*** Block opens ***
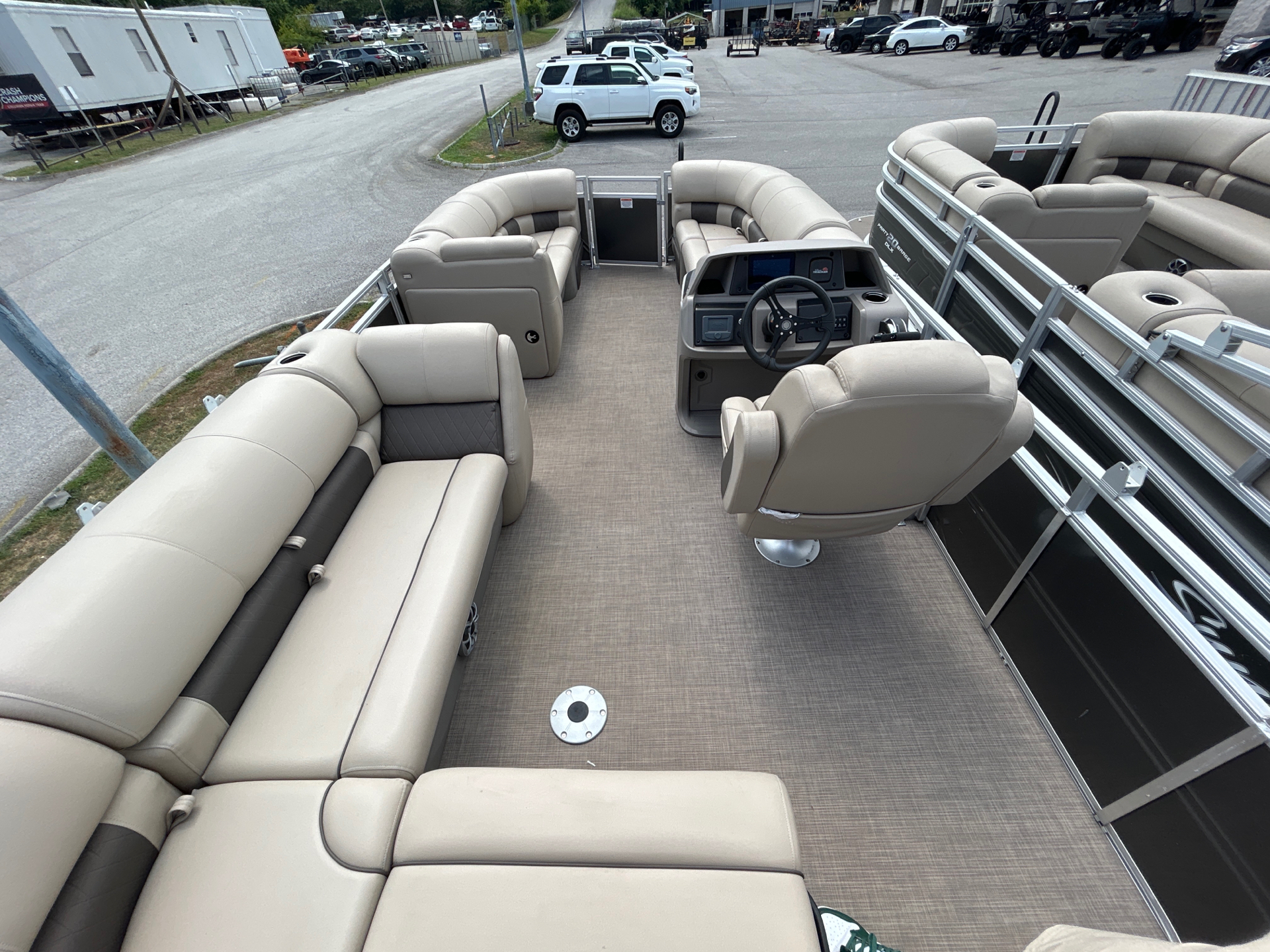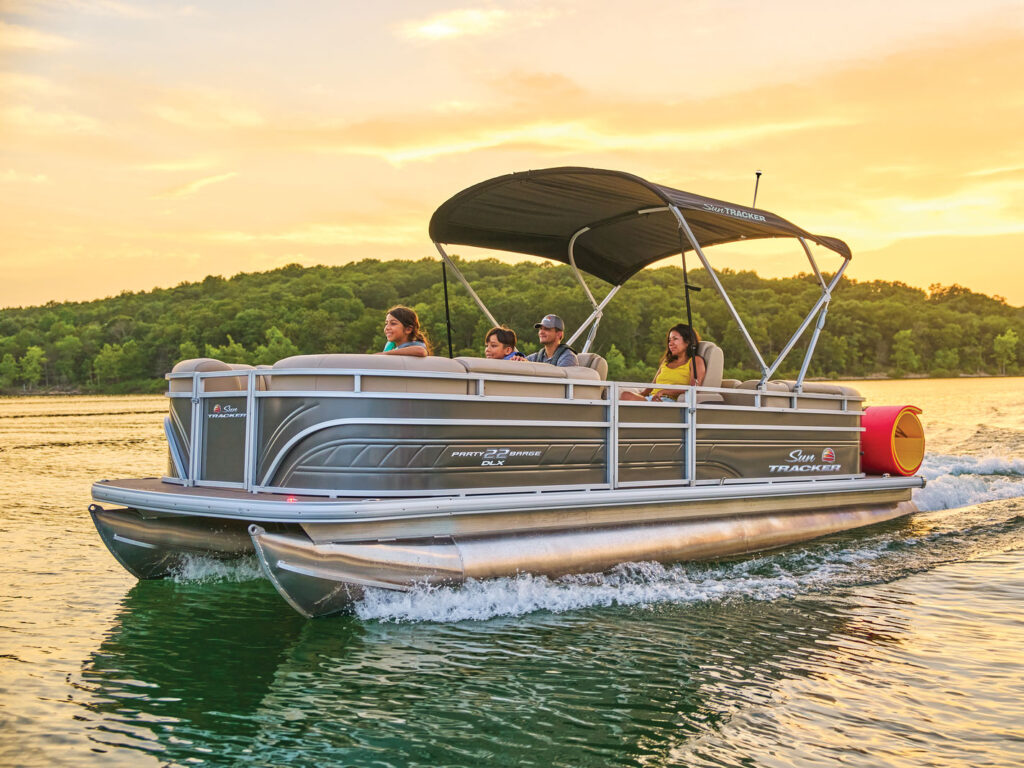 The 2023 22’ Sun Tracker pontoon boat is rated to carry up to 11 people total, including the operator. The maximum weight capacity is approximately 1,500–1,600 lbs, which includes passengers, gear, and personal items.
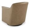 Tumbleweed leather/faux leather upholsteryGenuine leather covers inside areas such as the back, seat and arm cushions; skillfully matched faux leather covers the remaining areasDue to its natural origin, real leather can show individual characteristics such as healed scars, growth marks, grain variation and shade variationNatural variations make each hide unique and do not detract from the wearing qualities of leatherLoose seat cushionShelter height arms360-degree swivel
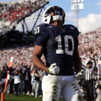In his fourth and final year of college, he tried out in the spring to swap back to offense, and things went well. He told us Saturday he felt he’d hit a bit of a wall on the defensive side of the ball and wanted to get back to the side he played in high school. He became a tight end and put up over 500 yards of offense on 44 catches in 2025.
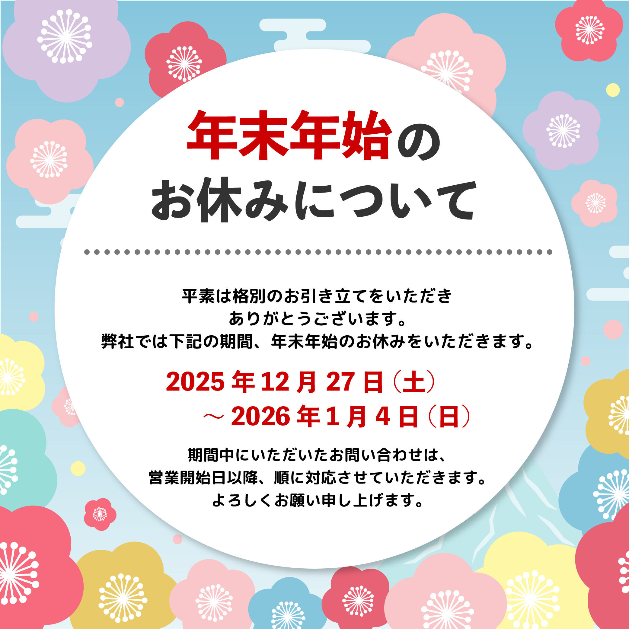 さて、弊社では下記の期間、年末年始のお休みをいただきます。
*** Block closes ***
Problem requirements
Down to the last line, print the material exactly, but not its pictures.

Answer area
 The 2023 22’ Sun Tracker pontoon boat is rated to carry up to 11 people total, including the operator. The maximum weight capacity is approximately 1,500–1,600 lbs, which includes passengers, gear, and personal items.
 Tumbleweed leather/faux leather upholsteryGenuine leather covers inside areas such as the back, seat and arm cushions; skillfully matched faux leather covers the remaining areasDue to its natural origin, real leather can show individual characteristics such as healed scars, growth marks, grain variation and shade variationNatural variations make each hide unique and do not detract from the wearing qualities of leatherLoose seat cushionShelter height arms360-degree swivel
In his fourth and final year of college, he tried out in the spring to swap back to offense, and things went well. He told us Saturday he felt he’d hit a bit of a wall on the defensive side of the ball and wanted to get back to the side he played in high school. He became a tight end and put up over 500 yards of offense on 44 catches in 2025.
 さて、弊社では下記の期間、年末年始のお休みをいただきます。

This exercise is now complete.